Tick-Talk Tuesday is about the letters and comments I have received from you, the reader, concerning your clocks, issues you might have had and challenges you face and my responses to your questions with advice on yourΒ  particular clock concern(s). For those comments and questions that stump even me, I consult within my clock circles for the best possible answer.

Arthur Pequegnat clocks were made between 1908 and 1941 in Berlin (now Kitchener), Ontario. Those produced before 1917 had “Berlin” inscribed on the dial face. The town of Berlin from 1854 until 1912 became the City of Berlin from 1912 until 1916. The name Berlin was associated with the war against Germany consequently the decision was made by city officials to change the name to Kitchener midway through the First World War. Kitchener is the present seat of the Regional Municipality of Waterloo, Ontario (Canada). Arthur Pequegnat clocks were the only wholly made Canadian clocks (aside from a short run of clocks made by the Canada Clock Company and later the Hamilton Clock Company in the 1870s) and are particularly sought after by Canadian collectors.

AO from Ontario writes, “Good Morning Ron, I live in Ontario (Canada) and have two Pequegnat clocks I am thinking of selling. Could you give me an idea of how much they are worth? The mantel clock is an Oxford. Thank you.

The clocks she mentions in her email are the Arthur Pequegnat Oxford mantel clock (time and strike) and the King Edward time-only wall clock missing the King Edward lower drop decal.

Pequegnat Oxford mantel clock
Pequegnat Oxford mantel clock from the Canadian Clock Museum in Deep River, Ontario
King Edward with 15 day Moncton movement
King Edward with 15 day Moncton movement showing decal from the Canadian Clock Museum in Deep River, Ontario

I replied. “I looked at your photos and have some comments. The time-only wall clock is known as the King Edward. From the photo yours seems to look intact save for the missing decal in the lower drop. A King Edward decal should be in the middle of the glass panel. It appears to be replacement glass which will certainly affect the value. However you should be able to get in the $600 to $1000 range for your King Edward clock. If you are selling in Canada where collectors are attracted to Pequegnat clocks because they are wholly Canadian made you should do reasonably well. If the clock has been recently serviced you can expect to price it a little higher.

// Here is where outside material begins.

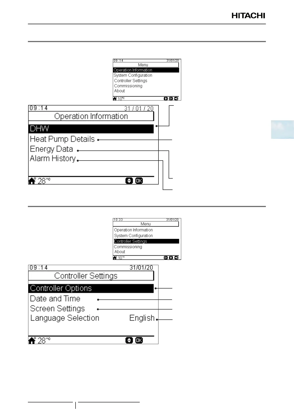 Inoperationinformationmenuitispossibletondthemostimportantsettingparametersofthesystembesidesthe

Mantel clocks always command lower prices but your Oxford should easily sell in the $400 range. I would price both slightly higher and see what responses you get.”

AOs reply, ” Hi again Ron, A dealer has offered me $750.00 for both clocks. Is that reasonable knowing that he has to resell them?”

I advised AO that they should dicker a bit and that the dealer certainly knows the value. I suggested that she could also try to sell it on an online for-sale site.

AO replied later and said they posted the clock on a for-sale site and the same dealer offered $650 for the King Edward.

I emailed her again asking how they made out with the sale. AO replied and said the dealer backed out and the clocks are still for sale.

UPDATE: AO wrote 1 week later and said she has sold them both for $350 more that the first offer. She is very pleased.